Foreign partners urged to support institutional reforms in Sudan
Donors and foreign partners should urge Sudan to prioritize justice and legal and institutional reforms in Sudan, even as they focus on the country's pressing economic concerns, Human Rights Watch said today.
On June 25, 2020, a group of governments and multilateral organizations, known as the Friends of Sudan, will hold a partnership conference in Berlin, Germany, to discuss economic support to the country.
"Almost a year into the transition in Sudan, we are seeing too little progress on justice and key reforms," said Jehanne Henry, East Africa director at Human Rights Watch. "Sudan's leaders and its international partners should use the upcoming conference to plan to forge ahead on several fronts simultaneously so that the transition resets the country's governance and rights trajectory."
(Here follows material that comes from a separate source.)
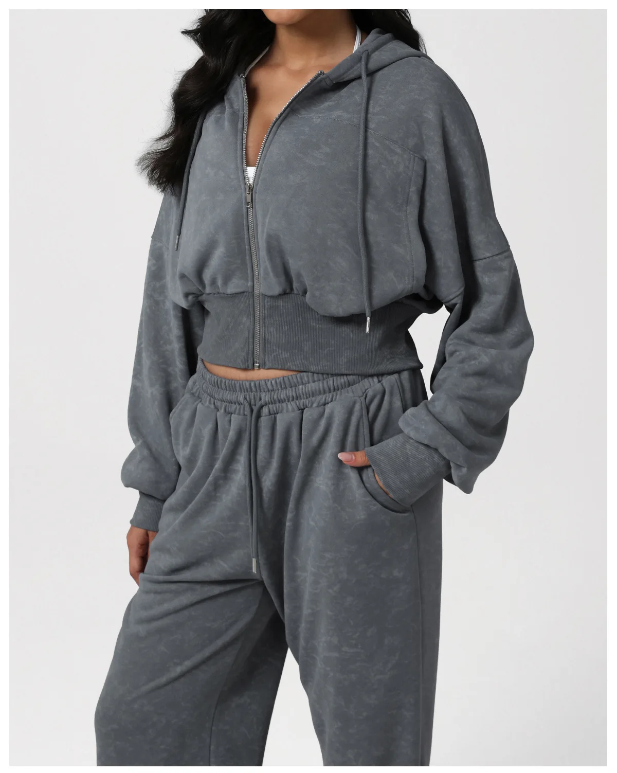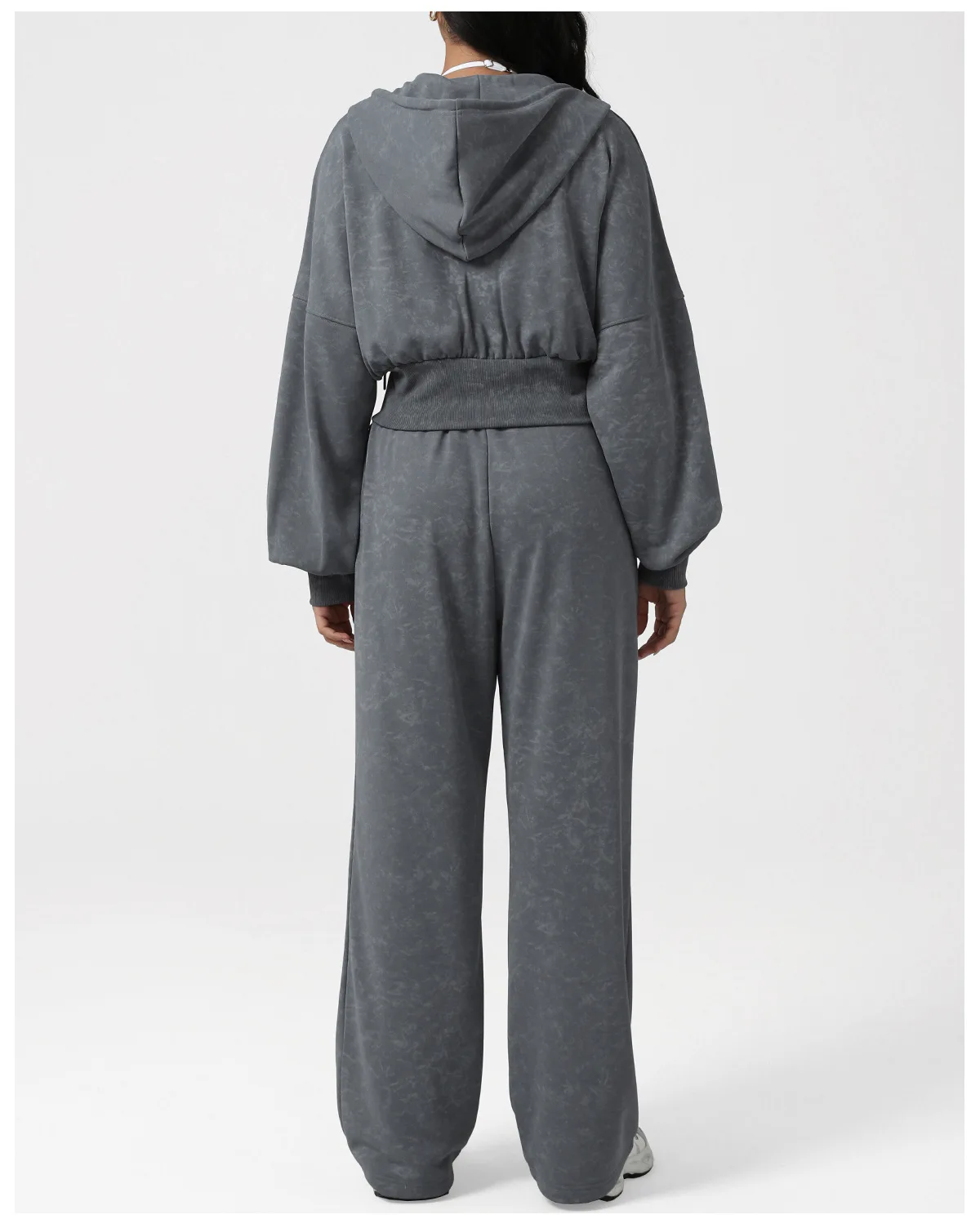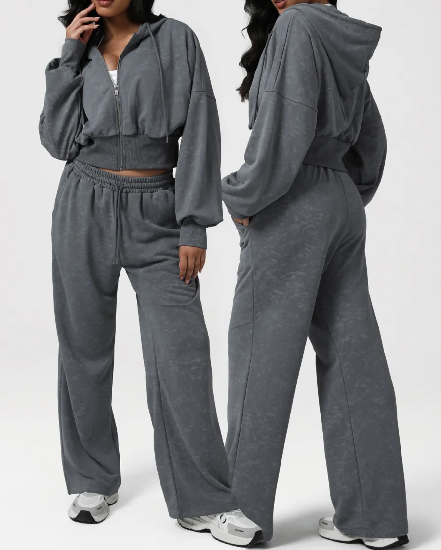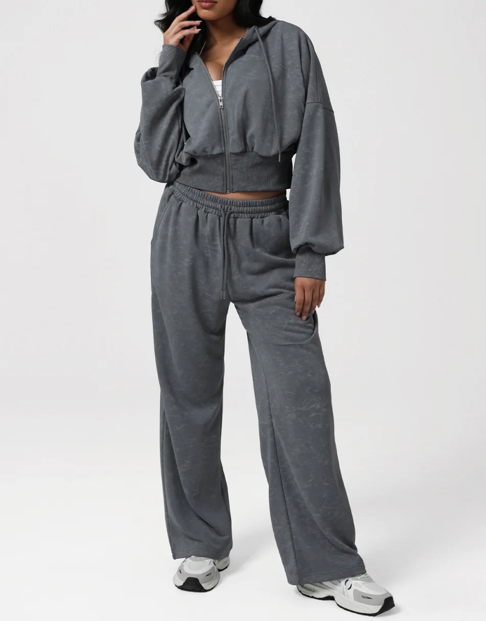 Autumn and Winter Women's Grey Hoodies and Crop Top with Wide Leg Pants Tracksuits Set Workout Jacket Fitness Sports Active Wear

The Friends of Sudan group, which includes the USA, France, Germany, Britain, Ethiopia, Saudi Arabia, the United Arab Emirates, and Egypt, aims to support democratic transition and economic reforms set out in Sudan's transitional constitution. While delivering urgent support to save Sudan's floundering economy is critical, the conference is also an opportunity to engage with Sudan's reform and justice goals in a holistic and constructive manner, Human Rights Watch said.
Ahead of the Berlin meeting, Human Rights Watch issued a question-and-answer document on Sudan's options to advance justice for serious international crimes. Human Rights Watch detailed the importance of justice for past crimes and the need for reform in Sudanese law and practice that hinder holding those responsible to account.
It urges donors to discuss the expertise and assistance they may have available to support Sudan's efforts to bring accountability for past crimes committed across the country and to press Sudanese authorities to directly engage with the International Criminal Court (ICC) without delay to discuss specific steps toward progress on prosecution of the court's Darfur cases.
In the question-and-answer document, Human Rights Watch recommends that Sudanese authorities begin discussions with the ICC on cooperation, including to bring suspects into ICC custody.
On June 9, one ICC suspect, the Darfuri militia leader Ali Kosheib, surrendered to the ICC in the Central African Republic.
Sudan's constitutional charter calls for a raft of wide-ranging legal and institutional reforms that have not materialized. The authorities have not appointed the transitional legislative council or state governors, or formed critical commissions on human rights, transitional justice, judicial reform, and law reform.